Exercise requirements: Could you output each line below exactly as it appears, excluding any pictures?

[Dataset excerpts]
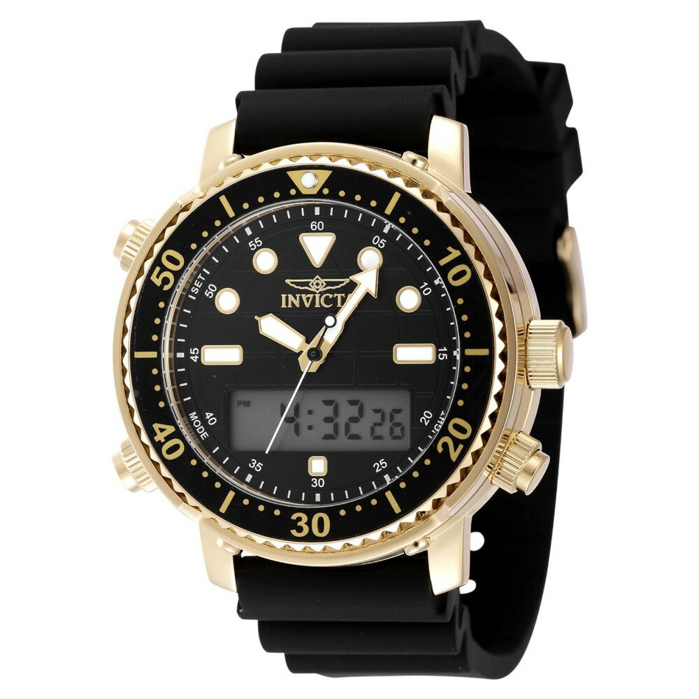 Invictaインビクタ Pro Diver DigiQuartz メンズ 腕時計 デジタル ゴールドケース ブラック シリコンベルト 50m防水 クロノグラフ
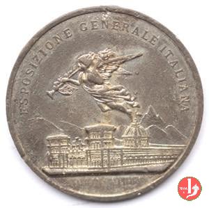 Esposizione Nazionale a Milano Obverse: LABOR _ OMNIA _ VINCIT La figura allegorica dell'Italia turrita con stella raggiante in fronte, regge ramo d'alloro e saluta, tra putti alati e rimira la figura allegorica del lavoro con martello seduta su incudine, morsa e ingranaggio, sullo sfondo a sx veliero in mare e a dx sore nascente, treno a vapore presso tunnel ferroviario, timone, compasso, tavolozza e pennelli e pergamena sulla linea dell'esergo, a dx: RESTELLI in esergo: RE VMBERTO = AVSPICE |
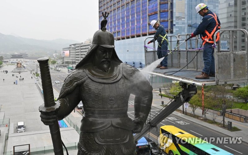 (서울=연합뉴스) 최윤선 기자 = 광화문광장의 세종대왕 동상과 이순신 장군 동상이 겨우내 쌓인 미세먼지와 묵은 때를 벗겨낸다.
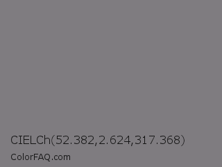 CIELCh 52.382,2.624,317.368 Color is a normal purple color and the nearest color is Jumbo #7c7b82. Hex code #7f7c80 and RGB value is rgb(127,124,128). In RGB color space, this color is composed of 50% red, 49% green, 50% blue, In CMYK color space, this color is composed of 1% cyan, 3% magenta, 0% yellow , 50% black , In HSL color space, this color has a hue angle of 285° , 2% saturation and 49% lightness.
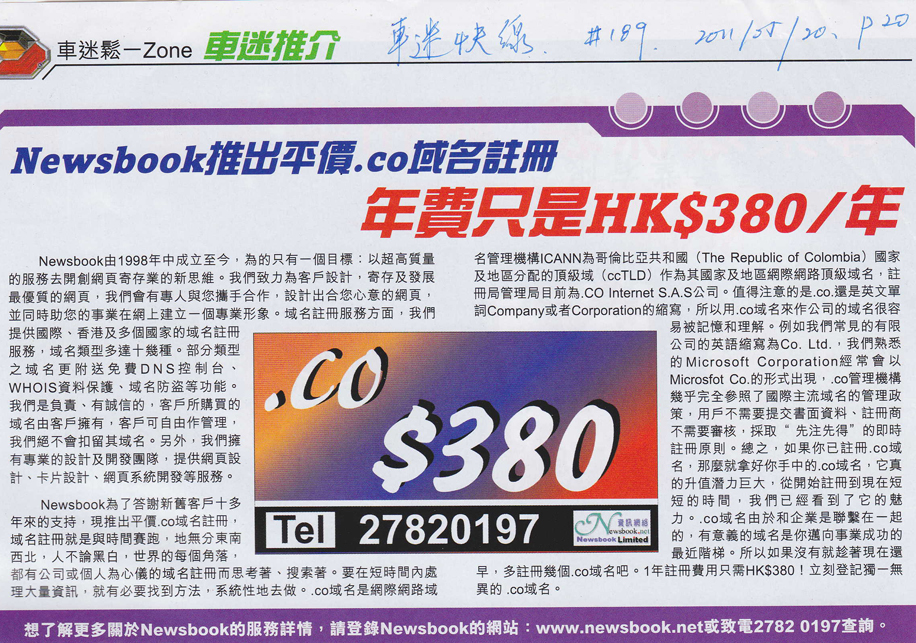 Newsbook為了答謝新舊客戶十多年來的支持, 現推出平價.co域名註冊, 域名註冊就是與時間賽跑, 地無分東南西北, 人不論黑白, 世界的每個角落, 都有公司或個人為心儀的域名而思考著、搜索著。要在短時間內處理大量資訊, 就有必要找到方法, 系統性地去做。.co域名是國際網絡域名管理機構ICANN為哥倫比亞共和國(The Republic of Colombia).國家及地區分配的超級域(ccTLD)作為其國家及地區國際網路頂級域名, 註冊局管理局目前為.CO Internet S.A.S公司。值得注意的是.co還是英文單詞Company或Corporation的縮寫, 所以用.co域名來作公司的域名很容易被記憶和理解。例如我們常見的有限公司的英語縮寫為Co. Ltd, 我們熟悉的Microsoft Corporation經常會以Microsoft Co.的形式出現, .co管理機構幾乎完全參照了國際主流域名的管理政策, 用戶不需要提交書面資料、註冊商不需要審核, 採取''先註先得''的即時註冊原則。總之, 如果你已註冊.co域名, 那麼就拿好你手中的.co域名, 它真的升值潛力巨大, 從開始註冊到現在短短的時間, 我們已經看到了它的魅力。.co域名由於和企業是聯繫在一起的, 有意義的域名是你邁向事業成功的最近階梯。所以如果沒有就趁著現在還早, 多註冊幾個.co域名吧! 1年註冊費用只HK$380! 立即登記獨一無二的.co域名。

Output:
 Invictaインビクタ Pro Diver DigiQuartz メンズ 腕時計 デジタル ゴールドケース ブラック シリコンベルト 50m防水 クロノグラフ
 Esposizione Nazionale a Milano Obverse: LABOR _ OMNIA _ VINCIT La figura allegorica dell'Italia turrita con stella raggiante in fronte, regge ramo d'alloro e saluta, tra putti alati e rimira la figura allegorica del lavoro con martello seduta su incudine, morsa e ingranaggio, sullo sfondo a sx veliero in mare e a dx sore nascente, treno a vapore presso tunnel ferroviario, timone, compasso, tavolozza e pennelli e pergamena sulla linea dell'esergo, a dx: RESTELLI in esergo: RE VMBERTO = AVSPICE |
 (서울=연합뉴스) 최윤선 기자 = 광화문광장의 세종대왕 동상과 이순신 장군 동상이 겨우내 쌓인 미세먼지와 묵은 때를 벗겨낸다.
 CIELCh 52.382,2.624,317.368 Color is a normal purple color and the nearest color is Jumbo #7c7b82. Hex code #7f7c80 and RGB value is rgb(127,124,128). In RGB color space, this color is composed of 50% red, 49% green, 50% blue, In CMYK color space, this color is composed of 1% cyan, 3% magenta, 0% yellow , 50% black , In HSL color space, this color has a hue angle of 285° , 2% saturation and 49% lightness.
 Newsbook為了答謝新舊客戶十多年來的支持, 現推出平價.co域名註冊, 域名註冊就是與時間賽跑, 地無分東南西北, 人不論黑白, 世界的每個角落, 都有公司或個人為心儀的域名而思考著、搜索著。要在短時間內處理大量資訊, 就有必要找到方法, 系統性地去做。.co域名是國際網絡域名管理機構ICANN為哥倫比亞共和國(The Republic of Colombia).國家及地區分配的超級域(ccTLD)作為其國家及地區國際網路頂級域名, 註冊局管理局目前為.CO Internet S.A.S公司。值得注意的是.co還是英文單詞Company或Corporation的縮寫, 所以用.co域名來作公司的域名很容易被記憶和理解。例如我們常見的有限公司的英語縮寫為Co. Ltd, 我們熟悉的Microsoft Corporation經常會以Microsoft Co.的形式出現, .co管理機構幾乎完全參照了國際主流域名的管理政策, 用戶不需要提交書面資料、註冊商不需要審核, 採取''先註先得''的即時註冊原則。總之, 如果你已註冊.co域名, 那麼就拿好你手中的.co域名, 它真的升值潛力巨大, 從開始註冊到現在短短的時間, 我們已經看到了它的魅力。.co域名由於和企業是聯繫在一起的, 有意義的域名是你邁向事業成功的最近階梯。所以如果沒有就趁著現在還早, 多註冊幾個.co域名吧! 1年註冊費用只HK$380! 立即登記獨一無二的.co域名。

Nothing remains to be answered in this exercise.